Michael Bay blows a lot of shit up. He may not single-mindedly hate the Earth like his co-master of cinematic disaster Roland Emmerich, but he loves destroying things on the planet and putting them on film, and he takes a great deal of care when doing so. In fact, he cares so much, he can’t help but equate his artistry with the meticulous process by which a chef might make a… uh, salad.
Look, they’re Bay’s words, not mine. In an interview with Empire about his upcoming film Ambulance, the director explained his philosophy about making things go boom. “There’s a special sauce for explosions. It’s like a recipe. I see some directors do it, and they look cheesy, or it won’t have a shockwave. There are certain ways with explosions where you’re mixing different things, and different types of explosions to make it look more realistic. It’s like making a Caesar salad.”
Jokes aside, I understand what he’s saying. And while I may think most (or all) Michael Bay movies are bad and stupid, and I may loathe the man personally for unleashing five awful Transformers films into the world that I was forced to watch because of my chosen profession, I have no doubt he carefully crafts each explosion he puts on screen to make it look right, to make it the right size, and to make it as exciting as possible. The question I have is whether that care means anything to viewers, who would be equally enthused watching any big explosion, or if Bay’s “recipes” are subconsciously affecting our emotional responses in some way. I absolutely allow that the latter is possible, since there are a lot of subtle things movies do to convey information and emotional impact that non-filmmakers (like myself) never notice.

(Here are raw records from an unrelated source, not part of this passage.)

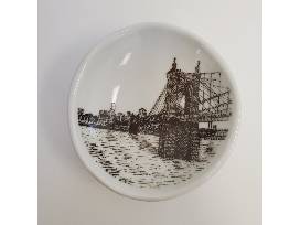 - One Eco Bag and one woodgrain dish, both containing an illustration of the Roebling Bridge from SKT Ceramics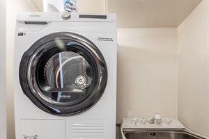 ✦ Laundry area in bathroom with Samsung washing machine and dryer.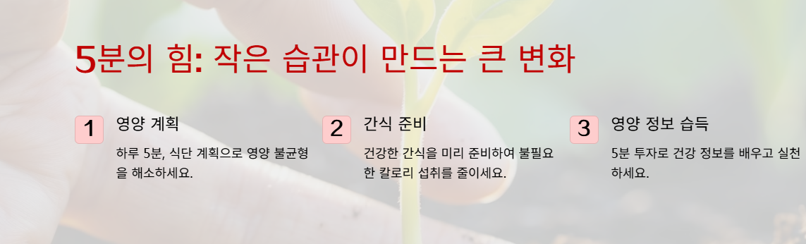 | 영양상식 | 5분 실천법 | 기대효과 |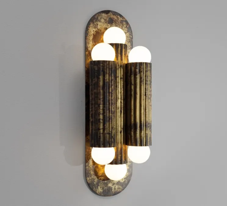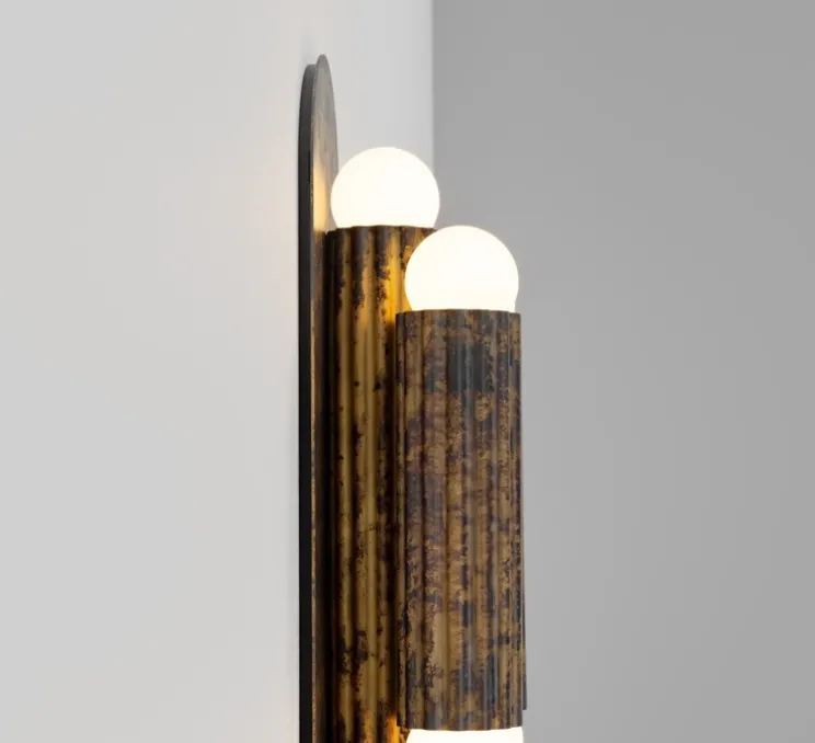 Elle se compose de trois cylindres superposés en laiton travaillé, chacun orné de chaque côté d’un globe en verre, reposant élégamment sur une base murale. Sa silhouette évoque à la fois la verticalité rythmée des cannelures grecques et la fluidité des drapés antiques, transformant le métal en mouvement et la lumière en poésie. Inspirée par Vesta, déesse romaine du foyer, cette applique incarne chaleur, protection et grâce intemporelle, tout en révélant le savoir-faire artisanal de Schwung à travers ses finitions patinées uniques.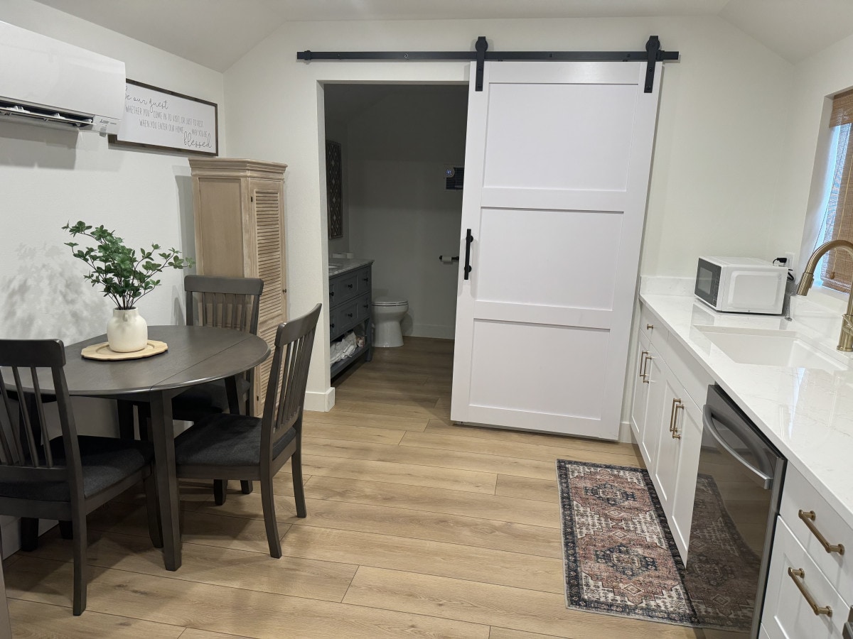 Willkommen in unserem charmanten, zentral gelegenen Tiny Home, nur wenige Minuten von der Innenstadt von Billings, beiden Krankenhäusern und dem Flughafen entfernt. Dieser moderne Raum verfügt über hohe Decken, große Fenster, die das Haus mit natürlichem Licht füllen, und ein Queensize-Bett, das einen erholsamen Schlaf verspricht. Genieße den Komfort eines Kühlschranks, eines Backofens/Herdes und einer neuen Waschmaschine und eines Trockners in voller Größe. Mit atemberaubenden Fliesenarbeiten und beheizten Badezimmerböden haben wir einen Raum geschaffen, in dem du dich wirklich entspannen und wie zu Hause fühlen kannst.

According to the interview, Bay’s favourite explosion is a fireball in Pearl Harbour which he’s convinced is the biggest explosion ever put on film. Unfortunately, the Guinness Book of World Records currently lists the destruction of Blofeld’s base from the movie Spectre as the biggest, but at least Bay’s taking it well: “James Bond tried to take the ‘largest explosion in the world.’ Bullshit. Ours is.”